• PROMPT
Only the lines of the data below from the one with "法院2025年度xxxxx个人对照检查发言提纲" through the one with "5月5日液化氣商品指數(sh" are wanted. Repeat them exactly.

• SUPPLIED MATERIAL
Segment Open

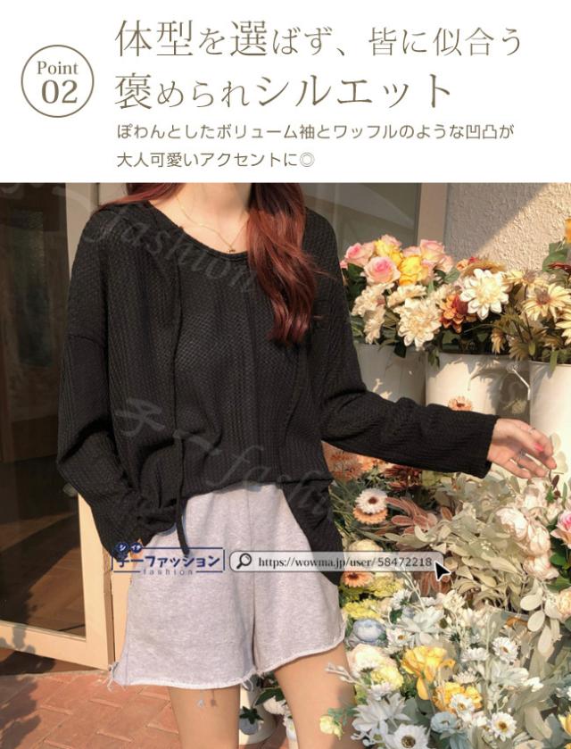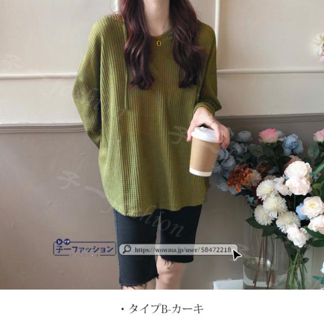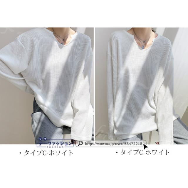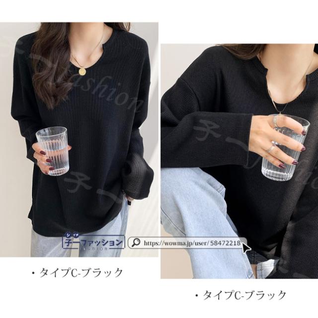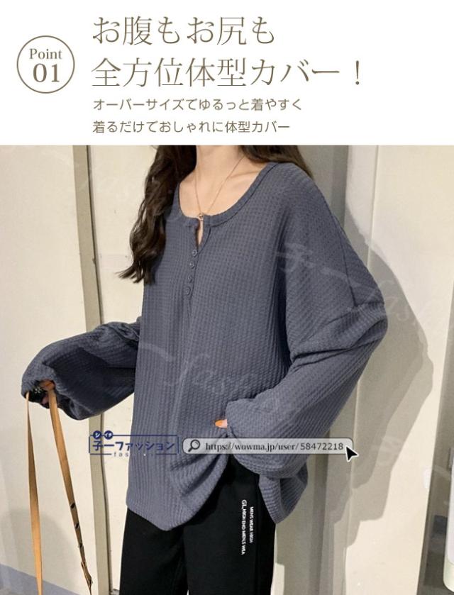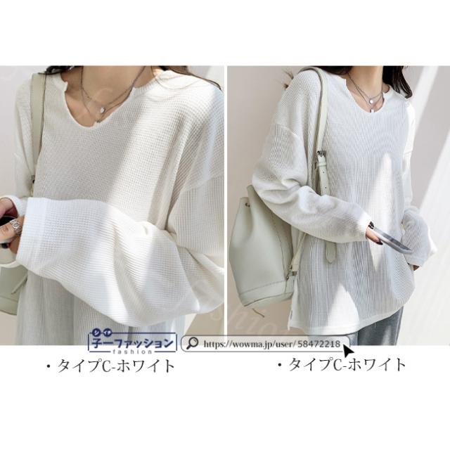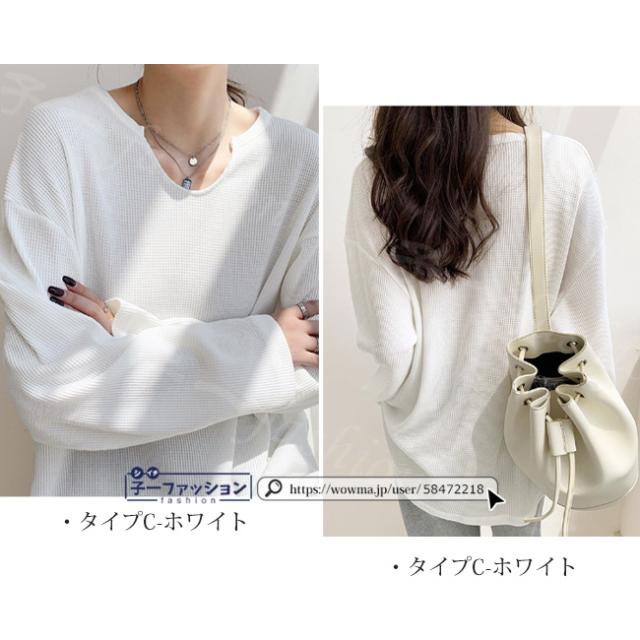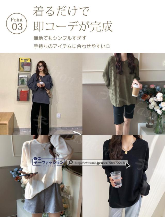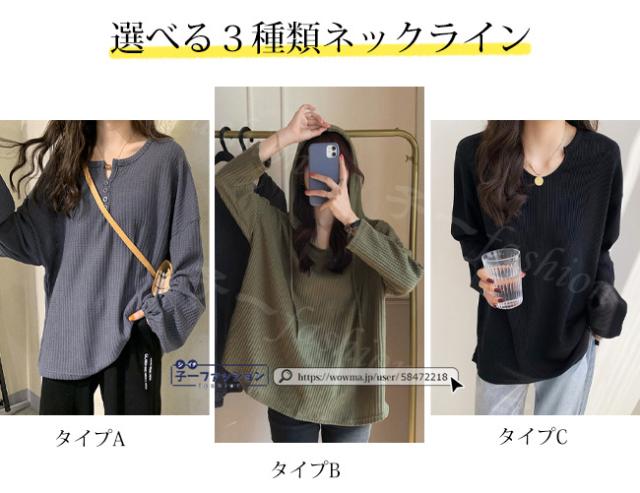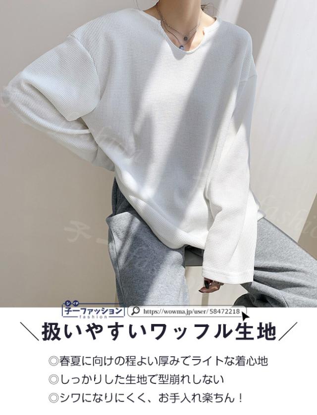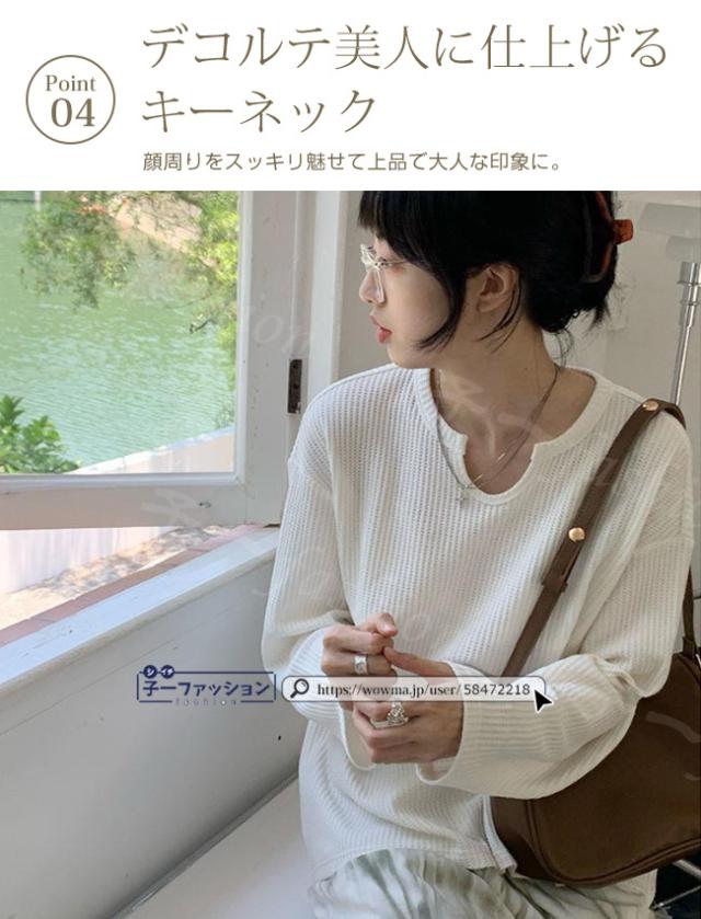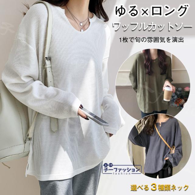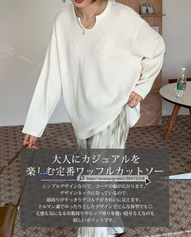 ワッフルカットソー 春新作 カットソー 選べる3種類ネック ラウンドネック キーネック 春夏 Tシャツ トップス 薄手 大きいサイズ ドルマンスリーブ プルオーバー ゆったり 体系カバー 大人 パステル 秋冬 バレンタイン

Segment Closed
Segment Open

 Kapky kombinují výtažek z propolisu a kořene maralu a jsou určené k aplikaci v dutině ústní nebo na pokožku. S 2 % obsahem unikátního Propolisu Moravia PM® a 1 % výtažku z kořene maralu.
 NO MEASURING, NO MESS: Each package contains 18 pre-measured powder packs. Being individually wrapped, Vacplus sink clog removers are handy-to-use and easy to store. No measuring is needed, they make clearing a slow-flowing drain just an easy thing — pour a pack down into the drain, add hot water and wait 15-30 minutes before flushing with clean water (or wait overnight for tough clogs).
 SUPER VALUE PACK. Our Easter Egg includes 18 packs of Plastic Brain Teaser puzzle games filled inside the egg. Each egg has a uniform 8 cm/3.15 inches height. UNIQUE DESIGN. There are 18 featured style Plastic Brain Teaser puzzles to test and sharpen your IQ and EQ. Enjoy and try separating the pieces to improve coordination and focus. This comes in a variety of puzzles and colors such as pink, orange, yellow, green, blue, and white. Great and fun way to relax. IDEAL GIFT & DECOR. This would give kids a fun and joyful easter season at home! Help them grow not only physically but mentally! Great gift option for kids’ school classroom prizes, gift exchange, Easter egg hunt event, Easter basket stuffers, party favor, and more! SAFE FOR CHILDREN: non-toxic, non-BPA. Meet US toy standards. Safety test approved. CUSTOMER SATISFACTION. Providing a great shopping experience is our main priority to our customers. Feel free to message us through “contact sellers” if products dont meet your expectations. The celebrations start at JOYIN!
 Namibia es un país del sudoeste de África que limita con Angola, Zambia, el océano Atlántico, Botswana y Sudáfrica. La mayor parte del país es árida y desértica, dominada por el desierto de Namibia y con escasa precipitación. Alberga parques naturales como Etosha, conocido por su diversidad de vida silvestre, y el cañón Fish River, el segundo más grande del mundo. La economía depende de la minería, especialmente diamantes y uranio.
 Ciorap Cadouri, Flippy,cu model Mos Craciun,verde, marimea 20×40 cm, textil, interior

Segment Closed
Segment Open

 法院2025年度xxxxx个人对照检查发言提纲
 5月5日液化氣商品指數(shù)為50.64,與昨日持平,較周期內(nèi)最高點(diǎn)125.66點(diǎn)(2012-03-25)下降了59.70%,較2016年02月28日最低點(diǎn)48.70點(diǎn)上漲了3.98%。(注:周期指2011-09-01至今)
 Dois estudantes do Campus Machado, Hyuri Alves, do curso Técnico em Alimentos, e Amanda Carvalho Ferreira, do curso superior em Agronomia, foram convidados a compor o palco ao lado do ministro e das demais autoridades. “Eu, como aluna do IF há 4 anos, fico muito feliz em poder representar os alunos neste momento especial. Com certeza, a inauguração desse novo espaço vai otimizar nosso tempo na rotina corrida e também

Segment Closed

• SOLUTION TO THE EXERCISE
 法院2025年度xxxxx个人对照检查发言提纲
 5月5日液化氣商品指數(shù)為50.64,與昨日持平,較周期內(nèi)最高點(diǎn)125.66點(diǎn)(2012-03-25)下降了59.70%,較2016年02月28日最低點(diǎn)48.70點(diǎn)上漲了3.98%。(注:周期指2011-09-01至今)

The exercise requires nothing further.